There are recognized limitations with the various computational approaches. The Libdock program used for docking only considers halogen H-bonding/π-stacking and did not include a halogen bond scoring function. Halogen bonding is very complex with many caveats, including directionality. The anisotropic electron distribution of halogens coupled with an aromatic ring adds an additional level of complexity, partially because it is impacted by the other electron withdrawing groups found on the ring. The binding pocket of CYP2B6 is large relative to a small molecule like ketamine making the docking very challenging.

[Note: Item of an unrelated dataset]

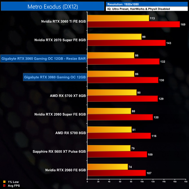 En Metro Exodus, con trazado de rayos y resolución 1080p, la GeForce RTX 3060 logra 73,7 FPS, mientras que la RTX 2070 registra 66,6 FPS, según las pruebas de TechPowerUP! Al subir la resolución a 1440p, la GeForce RTX 3060 logra superar a la RTX 2070 Super, aunque en 4K queda por detrás de la RTX 2070. Muy curioso. De media, podemos confirmar que la GeForce RTX 3060 es más potente que la RTX 2070 en trazado de rayos, y también parece utilizar de forma un poco más eficiente el DLSS 2.0, ya que mejora un poco más el rendimiento (comparada con la RTX 2070).

CYP2B6 metabolizes 3–10% of therapeutic drugs, but is still less well characterized than many other CYP isoforms.^{34, 52–56} Monoterpenes have also been suggested as ideal active site probes for CYP2B6.^{28, 29, 57} The present results suggest that ketamine analogs may also be very useful probes, particularly for representatives of drugs as well as environmental contaminants such as pesticides and nerve agents and mitigating the toxicity of such molecules.⁵⁸ These ketamine analogs suggest unmet needs and opportunities to better understand substrate-CYP2B6 interactions and enable reliable future computational predictions.